All this is very similar to the dance practice I used to do all the time. Some self-massage, holding myself in comforting poses, and fast spinning clearing movements.
A short test of this yields amazing results. I felt the inflammation moving and melting. My system fluid and de-stagnated.
Thoughts:
Hanging thoughts:
Mewing thoughts:
I’ve been playing pokemon go so much recently. I’ve made a lot of progress in the game, but I really worry that I’m getting addicted because of how stressed out I am right now.
I stressed out about my relationship and about my career path moving forward. I want to make sure that work does not take over my life and that it stays aligned to what I want to do moving forward.
Every time I feel stressed, I reach for the pokemon go. Holy shit, I am addicted.
I feel very tired, but no longer sick. That is a good thing at least.
I’m going to walk around the airport. And this time, instead of catching pokemon, I am going to meditate and think.

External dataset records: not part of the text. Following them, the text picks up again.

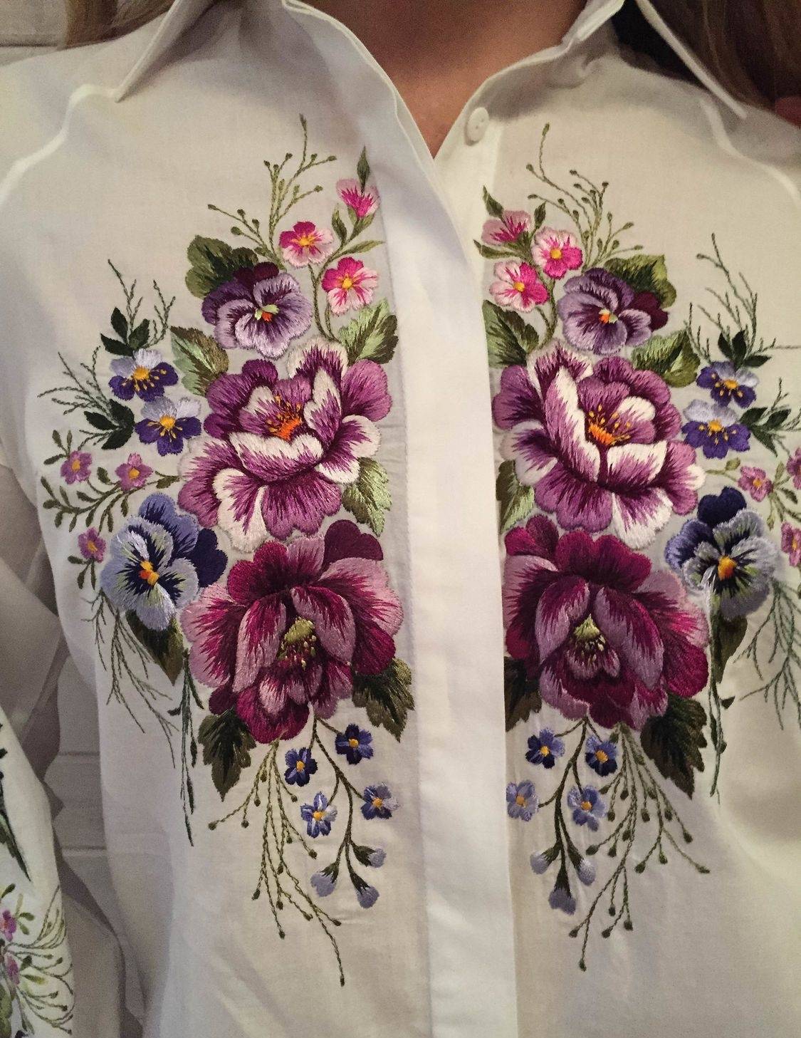 Белая вышивка гладью с жемчужинами станет отличным украшением на белой блузе, либо дополнит летнюю «воздушную» юбку.
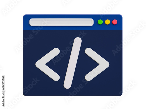 Wall mural 3d minimal program development concept. web browser with coding icon. 3d illustration.
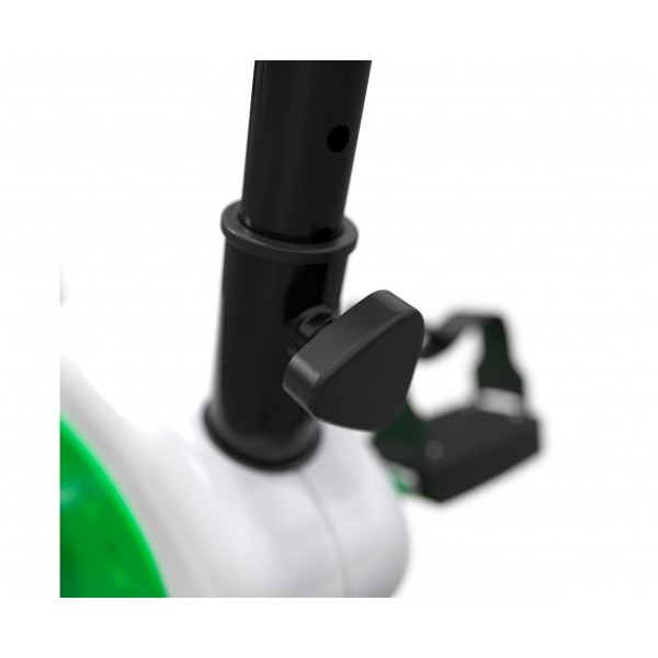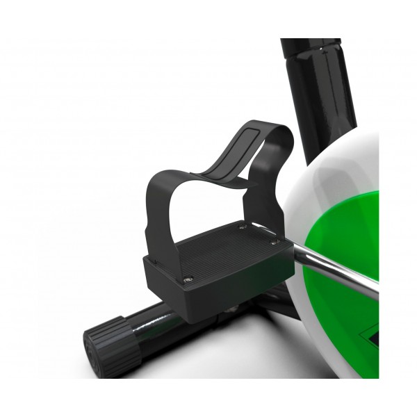 Нагрузка тренажера создается маховиком 4 кг. Предусмотрена простая настройка регулятором на центральной стойке. Есть 7 уровней высоты седла. Педали имеют ремни для фиксации стопы.

On the plane I meditated on some of my issues and I came to a big realization. The first step to feeling or processing any pain is to notice and name the pain that exists. I spend so much time avoiding thinking about painful emotions or experiences, avoiding thinking about how things hurt me it makes it hard to face the pain at all since I’m not taking the first step,
I want to focus on doing that more now as the first step to processing more emotions.